There was a pedestrian involved

    Crashes Fatalities Injuries
2012 120 2 135
2013 104 2 112
2014 138 2 165
2015 107 1 131

There was a bicycle involved

  Crashes Fatalities Injuries  
2012 78 2 81
2013 72 0 71
2014 62 0 75
2015 47 0 56

Anything at all was involved

  Crashes Fatalities Injuries
2012 4,835 16 2,799
2013 4,970 12 2,804
2014 4,733 9 2,521
2015 4,186 7 2,166

Considering all the time and money (and excitement from people like me) spent on creating bike infrastructure in Richmond, it’s interesting to see that almost 1.9 times the number of people are injured just walking around than are injured while cycling. There are just many more walkers than bikers.  Also: cars are dangerous, but we all knew that.

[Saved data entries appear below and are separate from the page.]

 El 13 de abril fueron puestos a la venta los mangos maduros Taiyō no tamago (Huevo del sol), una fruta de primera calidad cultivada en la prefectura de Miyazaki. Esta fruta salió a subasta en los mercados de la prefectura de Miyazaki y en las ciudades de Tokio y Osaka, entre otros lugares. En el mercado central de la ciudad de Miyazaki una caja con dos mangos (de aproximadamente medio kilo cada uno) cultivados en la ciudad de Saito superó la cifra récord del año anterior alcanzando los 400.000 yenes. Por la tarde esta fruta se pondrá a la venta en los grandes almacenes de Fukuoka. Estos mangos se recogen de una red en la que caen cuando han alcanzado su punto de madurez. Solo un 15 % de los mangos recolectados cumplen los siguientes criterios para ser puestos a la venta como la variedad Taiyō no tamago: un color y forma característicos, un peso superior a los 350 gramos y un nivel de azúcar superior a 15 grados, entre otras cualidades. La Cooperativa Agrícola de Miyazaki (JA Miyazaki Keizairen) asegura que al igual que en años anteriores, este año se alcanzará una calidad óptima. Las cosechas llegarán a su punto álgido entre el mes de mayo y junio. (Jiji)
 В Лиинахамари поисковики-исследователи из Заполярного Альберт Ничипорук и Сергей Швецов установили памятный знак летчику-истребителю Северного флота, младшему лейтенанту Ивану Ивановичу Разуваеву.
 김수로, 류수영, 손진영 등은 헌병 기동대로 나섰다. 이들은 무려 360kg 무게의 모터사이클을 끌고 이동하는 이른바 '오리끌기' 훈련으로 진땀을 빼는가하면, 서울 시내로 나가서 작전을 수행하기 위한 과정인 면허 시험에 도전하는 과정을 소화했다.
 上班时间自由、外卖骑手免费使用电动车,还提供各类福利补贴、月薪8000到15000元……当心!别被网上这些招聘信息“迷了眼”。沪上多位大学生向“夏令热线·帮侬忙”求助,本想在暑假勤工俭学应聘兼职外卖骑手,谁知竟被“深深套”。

Richmond collects its own data about about where bicycle and pedestrian accidents involving vehicles occur–and you can find maps of both bicycle accidents and pedestrian accidents on the City’s data portal. Here’s a heat map of all of that data, which you should be careful about interpreting because it’s probably just a map of where folks walk or ride bicycles a lot:

Screenshot 2015-11-02 14.59.51

You can see that there are some places, intersections mainly, that are more dangerous than others. I cross Broad at Lombardy almost every day and fear for my life regardless of my mode of transportation, so it’s reassuring (I guess?) to see it highlighted on the map. Now let’s get a brilliant traffic engineer out there.

In addition to knowing where all of the accidents have occured in the past, it’d be nice to know where they may occur in the future. When taken with existing traffic data like ours, something like Portland’s NearlyKilled.Me can help highlight existing danger zones where crashes are lying in wait, just waiting to happen–like a terrible, no-fun-at-all ninja.

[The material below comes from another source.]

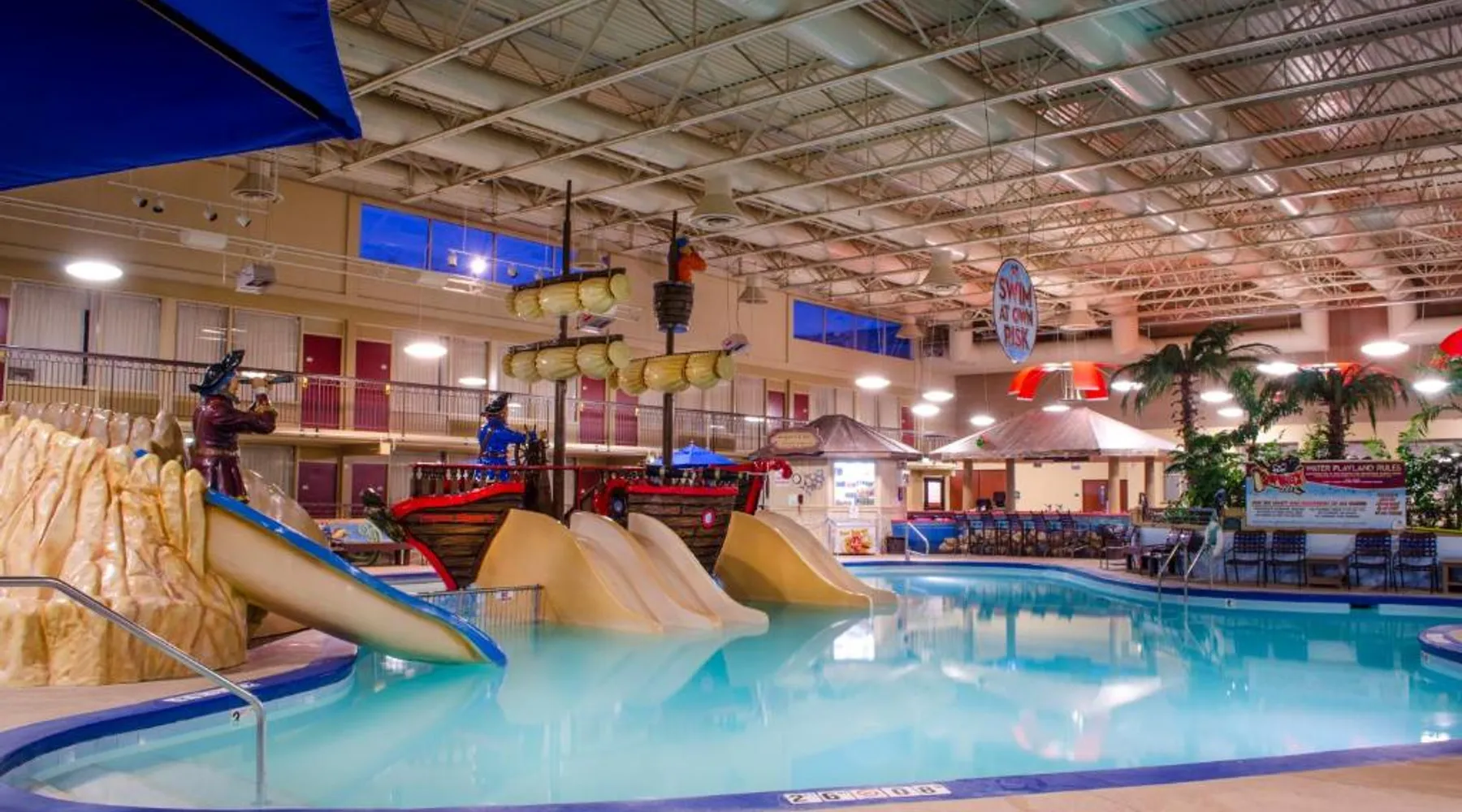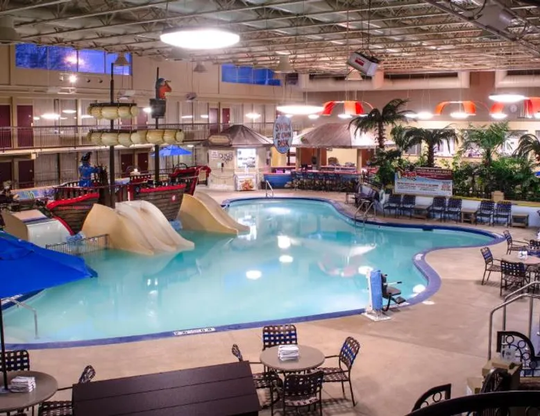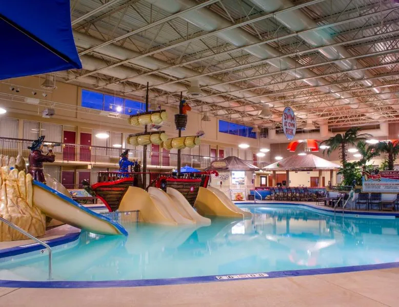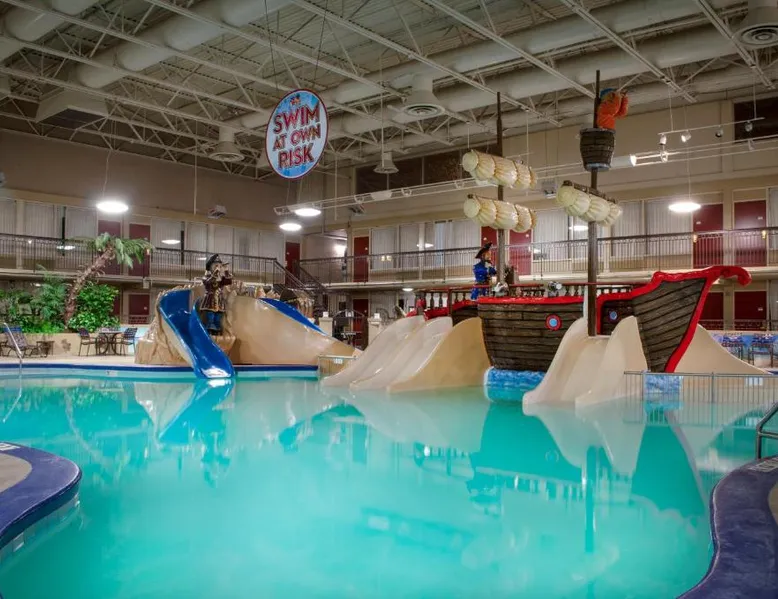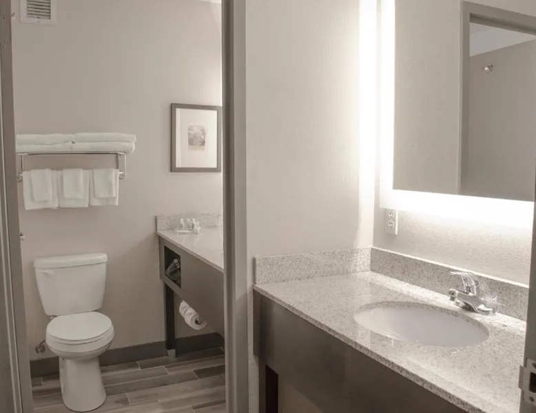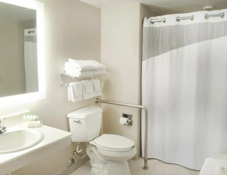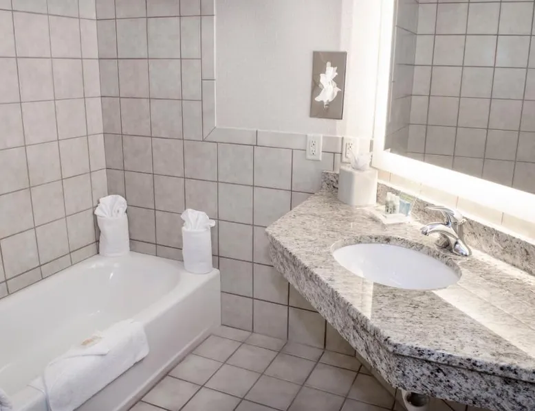 Just off Interstate 29 and less than a 10-minute drive from downtown Fargo, this North Dakota hotel provides guest rooms with 32-inch flat-screen TVs and free Wi-Fi. A 13,000 square foot water park and a casino are featured on the property. Tea and coffee-making facilities are included in all rooms at the Holiday Inn Fargo. A work desk is also provided in each spacious guest room. Every room includes a private bathroom with a hairdryer. The on-site Shipwreck Bay Waterpark features a large swimming pool and water slides. A fitness center and laundromat are also available on site. Gallery Restaurant and Café offers a variety of dining options for breakfast, lunch and dinner. Hector International Airport is 5 miles from this hotel. The Fargodome, North Dakota State University and the Fargo Air Museum are within a 10-minute drive from the property. A 32-inch flat-screen cable TV is included in this room, along with a microwave, fridge, coffee-making facilities, and a work desk.

How it works: Folks get almost-killed while biking or walking around the city, log the near miss on the website, and every week a report is sent to people who have the power to do something about it (transportation officials, police, the mayor’s office–that sort of thing). It’s a neat idea but does come with its own built-in biases: the users who take the time to self-report are definitely not an accurate representation of the city’s users of alternative transportation. 

New York City did something similar and collected 10,000 public comments on a giant map of the city, which they used to inform their Vision Zero plan.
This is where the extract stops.